Однажды в феврале

     Как-то утром старик проснулся от непонятного внутреннего толчка. Открыв глаза,он уперся взглядом в стену, на которой в густом сумраке декабрьского утра темнели нечеткие  прямоугольники картин, местами высвеченные мутным светом уличного фонаря вместе с узором обоев. В этих просветах метались тени от веток деревьев, временами останавливаясь и вновь продолжая свой сумасшедший танец по всей стене.
     Он проснулся совсем , почувствовав сильные толчки сердца. Подумал, с чего бы это. Пытаясь вспомнить, что же ему снилось и от чего его вроде как подтолкнуло, он увидел улыбчивое, румяное лицо Валерки Романчука, дружка из класса, и вдруг вспомнил его слова: «А я от мамки вчера слышал, что евреев из Москвы выселять будут».

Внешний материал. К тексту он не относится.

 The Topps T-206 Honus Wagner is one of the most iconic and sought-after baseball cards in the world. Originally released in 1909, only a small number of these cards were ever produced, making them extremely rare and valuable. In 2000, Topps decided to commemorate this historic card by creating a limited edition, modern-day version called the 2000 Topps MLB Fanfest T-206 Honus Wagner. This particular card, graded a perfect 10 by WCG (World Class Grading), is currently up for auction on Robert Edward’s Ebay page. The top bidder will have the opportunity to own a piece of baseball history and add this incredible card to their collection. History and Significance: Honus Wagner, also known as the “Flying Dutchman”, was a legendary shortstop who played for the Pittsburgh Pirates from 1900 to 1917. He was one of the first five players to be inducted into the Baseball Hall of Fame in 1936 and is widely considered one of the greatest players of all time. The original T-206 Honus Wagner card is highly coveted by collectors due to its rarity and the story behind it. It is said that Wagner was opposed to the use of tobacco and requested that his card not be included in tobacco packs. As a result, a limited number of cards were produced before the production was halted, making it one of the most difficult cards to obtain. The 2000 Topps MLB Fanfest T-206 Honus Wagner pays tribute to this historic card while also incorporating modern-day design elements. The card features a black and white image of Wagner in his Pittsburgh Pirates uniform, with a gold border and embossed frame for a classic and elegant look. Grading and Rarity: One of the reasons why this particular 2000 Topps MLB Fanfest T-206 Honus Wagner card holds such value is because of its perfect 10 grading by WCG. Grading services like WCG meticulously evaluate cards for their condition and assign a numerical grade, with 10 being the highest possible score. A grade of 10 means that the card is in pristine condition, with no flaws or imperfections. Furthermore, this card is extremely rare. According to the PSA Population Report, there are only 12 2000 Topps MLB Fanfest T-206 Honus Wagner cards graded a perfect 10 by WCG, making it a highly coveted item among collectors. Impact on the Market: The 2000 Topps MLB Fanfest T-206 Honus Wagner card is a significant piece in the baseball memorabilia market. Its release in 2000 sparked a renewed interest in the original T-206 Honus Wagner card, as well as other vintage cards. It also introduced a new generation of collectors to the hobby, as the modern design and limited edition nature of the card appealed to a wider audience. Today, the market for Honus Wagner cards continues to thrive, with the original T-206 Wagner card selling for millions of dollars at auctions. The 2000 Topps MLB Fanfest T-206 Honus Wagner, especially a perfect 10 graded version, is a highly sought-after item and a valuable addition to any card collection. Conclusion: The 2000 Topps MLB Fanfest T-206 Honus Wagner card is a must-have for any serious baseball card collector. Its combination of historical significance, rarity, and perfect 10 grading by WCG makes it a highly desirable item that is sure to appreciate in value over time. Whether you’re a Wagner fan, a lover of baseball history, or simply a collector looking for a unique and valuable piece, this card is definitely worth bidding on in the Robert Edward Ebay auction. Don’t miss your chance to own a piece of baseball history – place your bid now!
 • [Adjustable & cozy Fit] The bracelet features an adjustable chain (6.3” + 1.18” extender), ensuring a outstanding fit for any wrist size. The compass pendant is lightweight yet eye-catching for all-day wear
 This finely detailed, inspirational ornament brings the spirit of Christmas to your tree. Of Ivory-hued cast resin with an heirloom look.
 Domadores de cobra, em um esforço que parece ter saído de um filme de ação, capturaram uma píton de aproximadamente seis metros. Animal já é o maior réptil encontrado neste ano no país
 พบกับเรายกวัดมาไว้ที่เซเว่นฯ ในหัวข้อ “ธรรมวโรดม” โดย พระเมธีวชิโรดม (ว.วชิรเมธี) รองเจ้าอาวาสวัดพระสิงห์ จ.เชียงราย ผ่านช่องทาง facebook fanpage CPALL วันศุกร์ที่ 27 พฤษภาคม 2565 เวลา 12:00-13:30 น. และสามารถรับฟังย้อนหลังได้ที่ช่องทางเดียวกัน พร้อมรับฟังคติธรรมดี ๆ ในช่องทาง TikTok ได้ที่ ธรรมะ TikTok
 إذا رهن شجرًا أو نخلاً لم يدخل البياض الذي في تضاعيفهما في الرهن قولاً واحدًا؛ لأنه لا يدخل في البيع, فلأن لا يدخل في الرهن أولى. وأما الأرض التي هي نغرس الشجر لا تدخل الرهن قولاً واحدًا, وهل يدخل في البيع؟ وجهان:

     Они стояли с Валеркой на обледеневшем, плохо чищенном тротуаре напротив Юркиного дома, и Валерка постукивал то ногой, то портфелем  по водосточной трубе, из которой торчал ледяной цилиндрик. Юрка не понял ни этих слов, ни той страшной сути, которую они в себе заключали.  Валерка произнес их спокойно и как-то между прочим, не в лад к тому, о чем они говорили до этого по пути из школы.

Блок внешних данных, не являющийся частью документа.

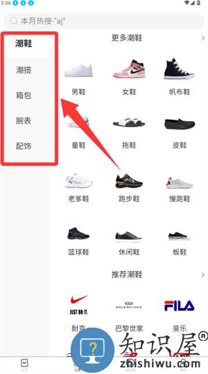 1、在分类页选择潮鞋类目,并点选男鞋项查看商品列表。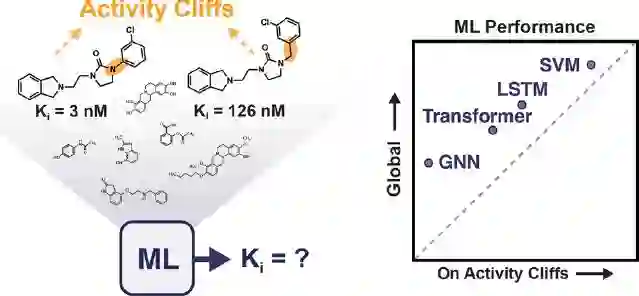 分子性质预测的核心原则之一是相似性原则,但是分子对之间存在活性悬崖的情况(即分子结构相似但是活性却相差巨大的情况)。 2022年12月1日,埃因霍芬理工大学的研究团队在Journal of Chemical Information and Modeling上发表论文Exposing the Limitations of Molecular Machine Learning with Activity Cliffs。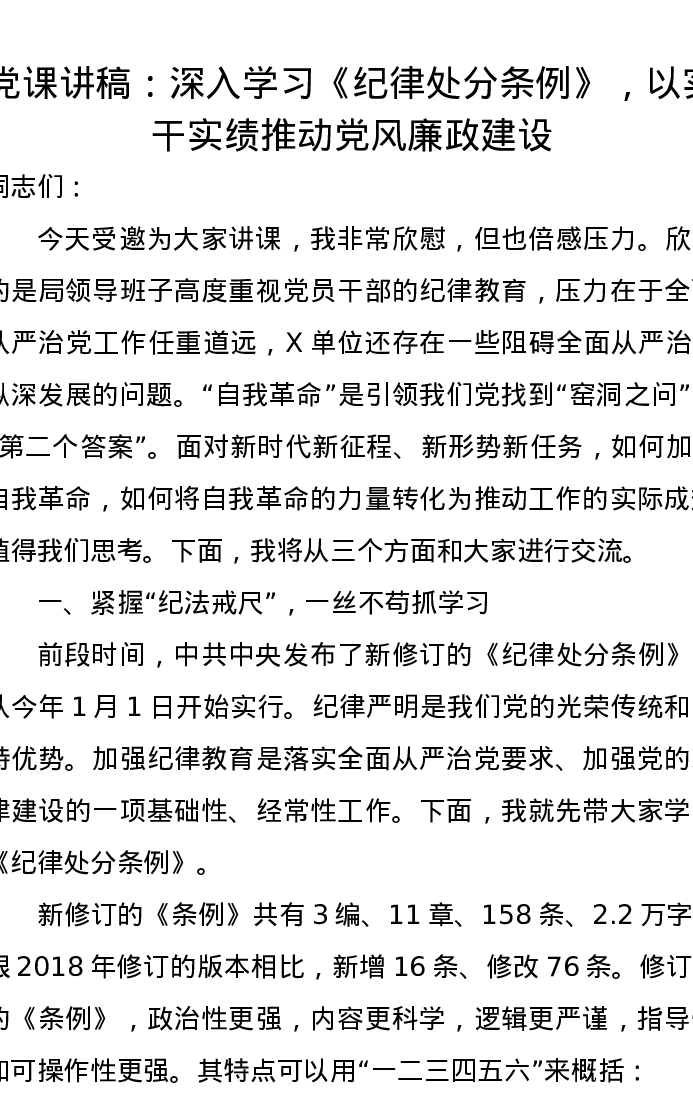 党课讲稿:深入学习《纪律处分条例》,以实干实绩推动党风廉政建设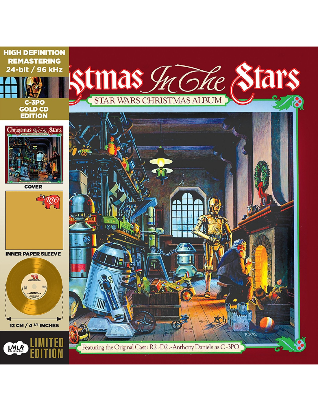 STAR WARS - LES DERNIERS JEDI EST DANS LES SALLES LE 13 DÉCEMBRE 2018 ! Il y a 38 ans... sortait cet album de Noël. Avec la voix d'Anthony Daniels (la voix officielle de C-3PO) et les sons de Ben Bur (R2-D2 & Chewbacca)... cet album marqua les esprits pour 2 raisons : Son succès... puisque le single ''What Can You Get a Wookiee for Christmas (When He Already Owns a Comb)'' grimpa dans le Top 100 américain, mais aussi parce que ce fut le premier enregistrement d'un certrain... Jon Bon Jovi (crédité John Bongiovi) ! Pour cette sortie ''Noël'', nous avons réalisé ce CD en 3 versions... Une version avec un CD rouge. Une version C-3PO... avec un CD Doré et une version R2-D2... avec un CD Platine. Dans cette édition... vous aurez le CD Doré... alors, ne soyez pas les derniers à le posséder !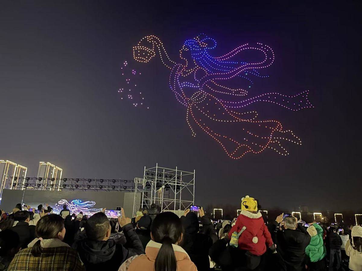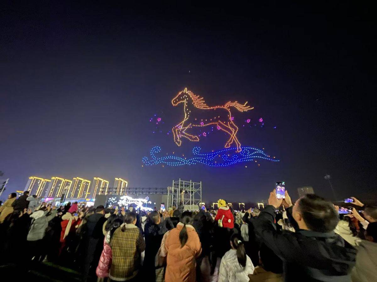 一匹金色骏马踏浪而来,蹄下生花,鬃毛飞扬,拉开无人机秀的序章。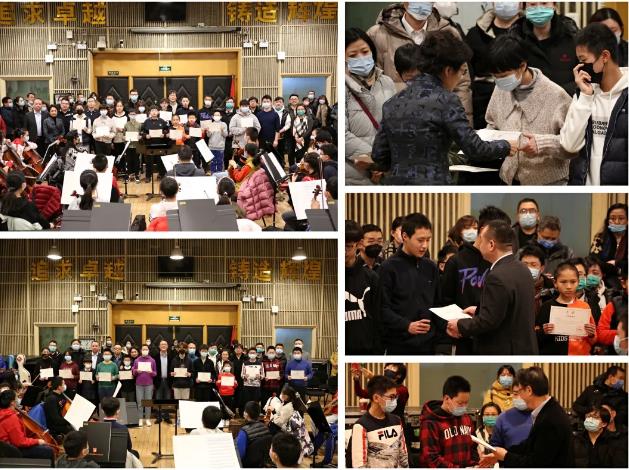 少年管弦乐团首席指挥谭利华勉励全体学员珍惜这难得的学习机会。这个排练厅是中国交响乐界的圣殿,是全国音乐人向往的地方。交响乐是合作的艺术,全体学员一定要有合作精神,要有纪律性,更要有认真刻苦的学习态度。只要刻苦努力地跟着各位老师学习,就一定会实现自己的音乐梦想,肩负起未来中国交响乐事业的历史使命

      Из разговоров взрослых Юрка, конечно, знал, что все они, и мать, и бабушка, и дед, - евреи. Да и в школе ему приходилось это слышать про себя, но он как-то не очень страдал от этого, потому что ничего плохого за этим не следовало. Правда, во дворе      он пару раз  подрался с мальчишками, обозвавшими его жидом. Он знал, что это нехорошее слово;  оно было крупными буквами намалевано варом на гараже какого-то дядьки из их дома  и мама, увидев это, сказала: «Вот сволочи!». К кому это было обращено, Юрка  не понял.  Он только понял, что слово нехорошее и его здорово обидело, когда его обозвали этим словом. Вот он и подрался. Правда, без особого успеха, и бабушка после этого  велела ему ходить гулять в другой двор, напротив их дома.

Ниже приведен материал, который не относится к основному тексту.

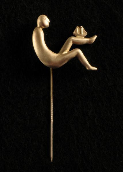 Opdracht van het Noordbrabants Museum aan Henk Visch om een speld te ontwerpen voor jubilerende vrijwilligers van het Noordbrabants Museum. Het ontwerp is naar het bronzen beeld One word leads to another door Henk Visch uit 2002, inv.nr. 15.916.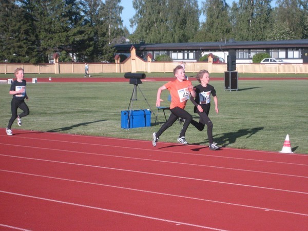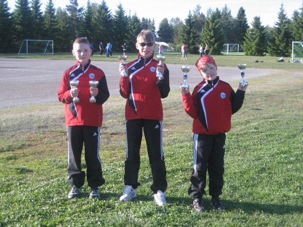 Milja, Teijo ja Vesa kilpailivat torstaina 10.6.2010 laidunkauden avauskisassa Limingassa. Pyhäjoelle tuotiin tuliaisina kaikkiaan kuusi pokaalia. Milja Raitanen voitti T9-sarjan pituushypyn uudella ennätyksellään 368 cm. Kaikki neljä yritystä kantoivat yli 3,5 metrin. Voitto tuli myös 60 m juoksussa ajalla 9,99 s. Teijo Impola sijoittui P11-sarjan pituushypyssä kolmanneksi uudella ennätystuloksella, joka kirjataan nyt lukemin 365 cm. Lisäksi Teijo sai pronssia 11-vuotiaiden poikien 600 m kestävyysjuoksussa hienolla ajalla 2.13,82. Palkintosija ratkesi Teijon eduksi vasta loppusuoralla, jännittävän kirikamppailun päätteeksi. Vesa Kittilä voitti P11-sarjan 60 m juoksun ajalla 9,27 ja sijoittui toiseksi pituushypyssä hyvällä tuloksella 419 cm. Jossiteltavaakin jäi, sillä Veskun ensimmäinen pitkän näköinen ja rento hyppy oli valitettavasti yliastuttu. |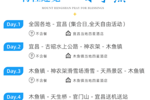 木鱼镇—神农架滑雪场滑雪—天燕景区(彩虹桥)—木鱼镇;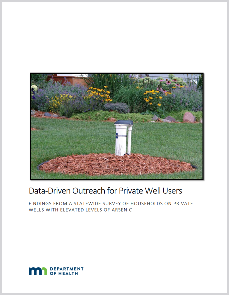 This document, from the Minnesota Department of Health, explores a survey sent by the department to Minnesota private well owners with high levels of arsenic in their water. The report summarizes MDH's analysis of the nearly 800 survey responses, which aimed to determine if and how certain variables influenced testing and treatment behaviors.

     Сырой февральский ветер резко холодил голую шею и Юрка, поеживаясь и шмыгая носом, втянул голову в потертый меховой воротник зимнего пальтишка, которое бабушка не успевала латать после его гуляний и походов по окружающим дворам. Наконец, Валерка отбил-таки кусок торчавшей из трубы льдинки и стал прощаться: говорить больше было не о чем, а его дом находился еще дальше, в соседнем переулке.
     Юрка поднялся на второй этаж большого дома, в котором он жил  с мамой, бабушкой и дедом. Ему нравился их дом: он был семиэтажный, а вокруг стояли всякие трех-, четырех-, а то и просто двухэтажные домишки. Они все стояли впритык друг к другу, и их дом выделялся серой, внушительной громадой среди своих малоэтажных соседей. Вдобавок        ко всему только в их доме были балконы, с которых можно было разглядывать все далеко вокруг. Он был как-то раз в гостях у Сталинки Петелиной  на седьмом этаже и оттуда      с балкона было видно и школу, и большую горку, с которой они катались, и Володские дома в Трехпрудном переулке, и даже немного -  Садовое кольцо.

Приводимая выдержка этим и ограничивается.